Ricordando la data dell’11 novembre non posso fare a meno di richiamarmi alla libertà nazionale riconquistata quel giorno, dopo anni di lotte che costarono alla nostra nazione tante rinunce e tanti sacrifici. Questa libertà esteriore non durò a lungo, ma sempre abbiamo potuto appellarci ad essa nella lotta per conservare la libertà interiore, la libertà dello spirito. So quanto caro era questo giorno a tutti coloro che nel periodo del comunismo cercavano di opporsi alla programmata soppressione della libertà dell’uomo, all’umiliazione della sua dignità e alla negazione dei suoi fondamentali diritti. Più tardi da quell’opposizione nacque il movimento di cui siete artefici e continuatori. Anche questo movimento si ricollegava all’11 novembre, a quella libertà che nel 1918 trovò la sua espressione esteriore, politica, e che nacque dalla libertà interiore dei singoli cittadini della Repubblica Polacca spartita e dalla libertà spirituale di tutta la nazione.

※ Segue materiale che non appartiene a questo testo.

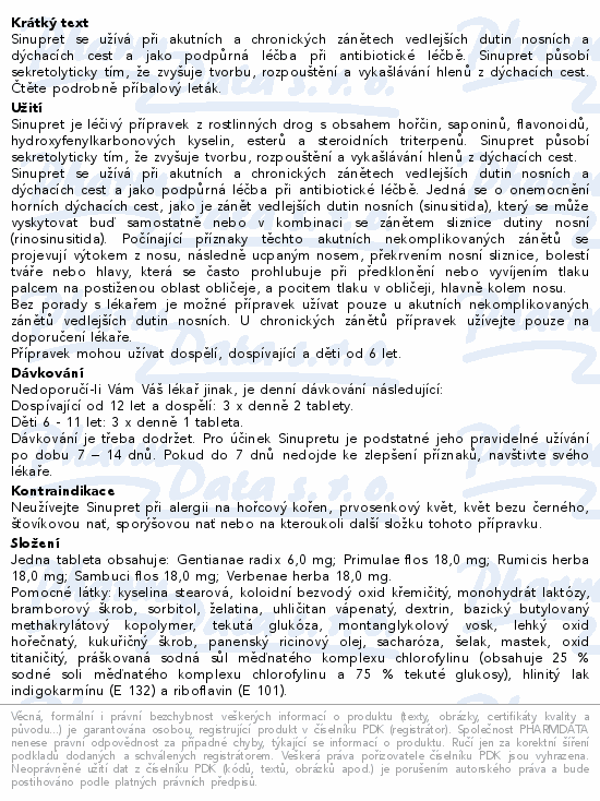Sinupret se užívá při akutních a chronických zánětech vedlejších dutin nosních a dýchacích cest a jako podpůrná léčba při antibiotické léčbě. Sinupret působí sekretolyticky tím, že zvyšuje tvorbu, rozpouštění a vykašlávání hlenů z dýchacích cest. Čtěte pozorně příbalový leták.
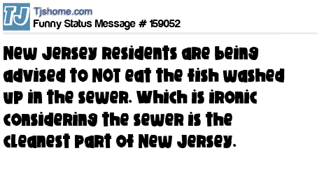 X says New Jersey residents are being advised to NOT eat the fish washed up in the sewer. Which is ironic considering the sewer is the cleanest part of New Jersey.
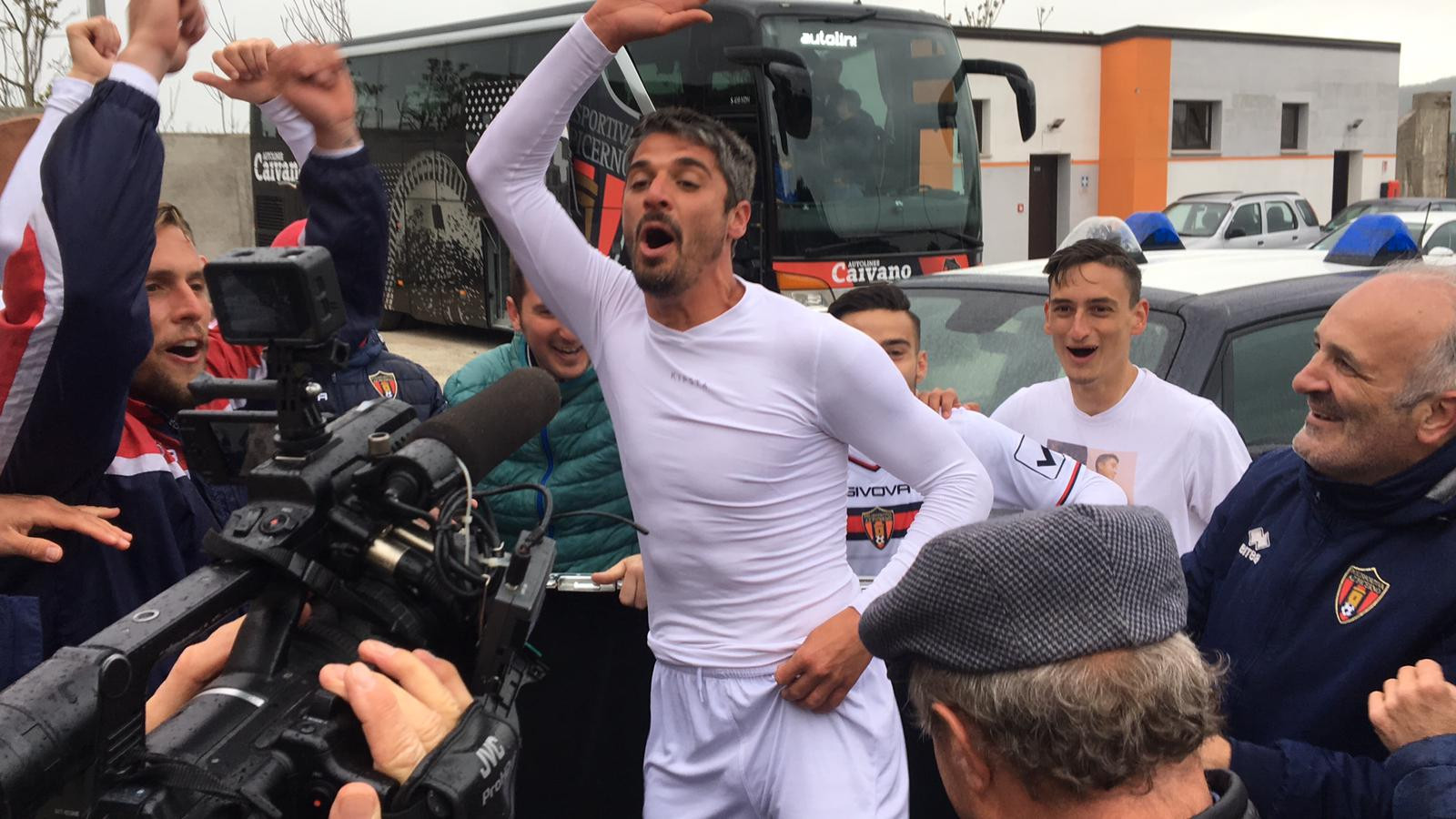 L'Az Picerno può festeggiare la promozione in Serie C. Dopo la penalizzazione di tre punti occorsa negli scorsi giorni, la vittoria di oggi sul Bitonto col punteggio di 3-2 vale l'aritmetica promozione tra i professionisti, conquistato all'ultima giornata di campionato. In alto le immagini dei festeggiamenti della squadra.

Questa libertà di spirito, benché repressa sin dalla fine della seconda guerra mondiale e dagli accordi di Jalta, è sopravvissuta, ed è divenuta il fondamento delle pacifiche trasformazioni nel nostro Paese, e in seguito in tutta l’Europa, compiutesi anche grazie al sindacato "Solidarnosc". Rendo grazie a Dio per l’anno 1979, nel quale il senso di unità nel bene e il comune desiderio della prosperità dell’oppressa nazione sconfisse l’odio e la voglia di vendetta, e divenne il germoglio di costruzione di uno stato democratico. Sì, ci sono stati dei tentativi per distruggere quest’opera. Tutti abbiamo nella memoria il 13 dicembre 1981. Si riuscì a sopravvivere a tali prove. Ringrazio Dio perché il 19 aprile 1989 ho potuto pronunciare le seguenti parole: Maria, "raccomando alla Tua sollecitudine materna "Solidarnosc" che oggi, dopo la nuova legalizzazione del 17 aprile, può tornare ad agire. Ti raccomando il processo legato a questo avvenimento, teso a plasmare la vita della Nazione secondo le leggi della società sovrana. Prego Te, Signora di Jasna Góra, affinché sul cammino di questo processo tutti continuino a dimostrare il coraggio, la saggezza e la ponderatezza indispensabili per servire il bene comune".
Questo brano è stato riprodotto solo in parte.